Wherein, the processor 502 is for running computer program 5032 stored in memory, to realize following function Can: receive the targeted website network address set to be crawled sent by user terminal;By each net in the targeted website network address set Location is distributed to corresponding first server;Receive the web analysis content that the first server is sent;In the web analysis Appearance, which is crawled by the first server and parses the corresponding web page content information of the network address, to be obtained;Receive the first server The source code of transmission parses information;The source code parsing information is parsed the source code of the web analysis content by the first server Correspondence obtains;And search condition is received, according to the search condition in the web analysis content and source code parsing letter Corresponding search result is obtained in breath.

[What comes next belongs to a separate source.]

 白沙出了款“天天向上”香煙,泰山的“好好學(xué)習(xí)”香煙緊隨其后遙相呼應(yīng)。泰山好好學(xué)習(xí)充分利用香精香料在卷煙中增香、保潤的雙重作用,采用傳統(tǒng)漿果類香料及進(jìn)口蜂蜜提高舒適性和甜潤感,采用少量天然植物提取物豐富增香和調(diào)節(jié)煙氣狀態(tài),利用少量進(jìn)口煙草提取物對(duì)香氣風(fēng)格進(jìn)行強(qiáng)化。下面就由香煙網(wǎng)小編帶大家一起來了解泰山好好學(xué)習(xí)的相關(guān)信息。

In one embodiment, processor 502 is executing the targeted website net to be crawled for receiving and being sent by user terminal When the step of location set, perform the following operations: received by remote date transmission database sent by user terminal it is to be crawled Targeted website network address set.

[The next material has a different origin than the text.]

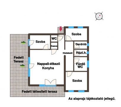 62 m²-es fedett terasz, melynek kb. fele téliesített

It will be understood by those skilled in the art that the embodiment of computer equipment shown in Fig. 6 is not constituted to computer The restriction of equipment specific composition, in other embodiments, computer equipment may include components more more or fewer than diagram, or Person combines certain components or different component layouts.For example, in some embodiments, computer equipment can only include depositing Reservoir and processor, in such embodiments, the structure and function of memory and processor are consistent with embodiment illustrated in fig. 6, Details are not described herein.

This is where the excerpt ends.